■ **TASK DESCRIPTION**
Go over the entries below line by line, copying each one that contains the word "with".

■ **INPUT DATA**
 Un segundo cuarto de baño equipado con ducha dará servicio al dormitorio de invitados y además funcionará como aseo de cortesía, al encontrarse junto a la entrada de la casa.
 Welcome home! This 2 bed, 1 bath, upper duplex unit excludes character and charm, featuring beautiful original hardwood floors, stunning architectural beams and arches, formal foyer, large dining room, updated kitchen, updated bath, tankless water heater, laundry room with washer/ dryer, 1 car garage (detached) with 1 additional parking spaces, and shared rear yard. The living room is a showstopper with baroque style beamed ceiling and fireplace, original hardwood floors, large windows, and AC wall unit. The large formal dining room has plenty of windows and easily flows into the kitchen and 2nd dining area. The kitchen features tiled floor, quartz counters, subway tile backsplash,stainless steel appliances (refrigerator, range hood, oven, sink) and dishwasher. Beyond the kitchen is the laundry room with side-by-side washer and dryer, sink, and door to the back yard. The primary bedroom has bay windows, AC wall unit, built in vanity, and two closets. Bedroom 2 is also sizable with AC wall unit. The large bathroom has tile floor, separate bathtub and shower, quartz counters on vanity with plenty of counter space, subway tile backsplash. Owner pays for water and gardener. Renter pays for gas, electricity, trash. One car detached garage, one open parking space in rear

* * *

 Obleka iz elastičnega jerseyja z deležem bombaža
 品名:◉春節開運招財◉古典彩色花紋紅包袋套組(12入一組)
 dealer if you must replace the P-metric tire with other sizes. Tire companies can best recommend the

■ **SOLUTION TO THIS PROBLEM**
 Welcome home! This 2 bed, 1 bath, upper duplex unit excludes character and charm, featuring beautiful original hardwood floors, stunning architectural beams and arches, formal foyer, large dining room, updated kitchen, updated bath, tankless water heater, laundry room with washer/ dryer, 1 car garage (detached) with 1 additional parking spaces, and shared rear yard. The living room is a showstopper with baroque style beamed ceiling and fireplace, original hardwood floors, large windows, and AC wall unit. The large formal dining room has plenty of windows and easily flows into the kitchen and 2nd dining area. The kitchen features tiled floor, quartz counters, subway tile backsplash,stainless steel appliances (refrigerator, range hood, oven, sink) and dishwasher. Beyond the kitchen is the laundry room with side-by-side washer and dryer, sink, and door to the back yard. The primary bedroom has bay windows, AC wall unit, built in vanity, and two closets. Bedroom 2 is also sizable with AC wall unit. The large bathroom has tile floor, separate bathtub and shower, quartz counters on vanity with plenty of counter space, subway tile backsplash. Owner pays for water and gardener. Renter pays for gas, electricity, trash. One car detached garage, one open parking space in rear
 dealer if you must replace the P-metric tire with other sizes. Tire companies can best recommend the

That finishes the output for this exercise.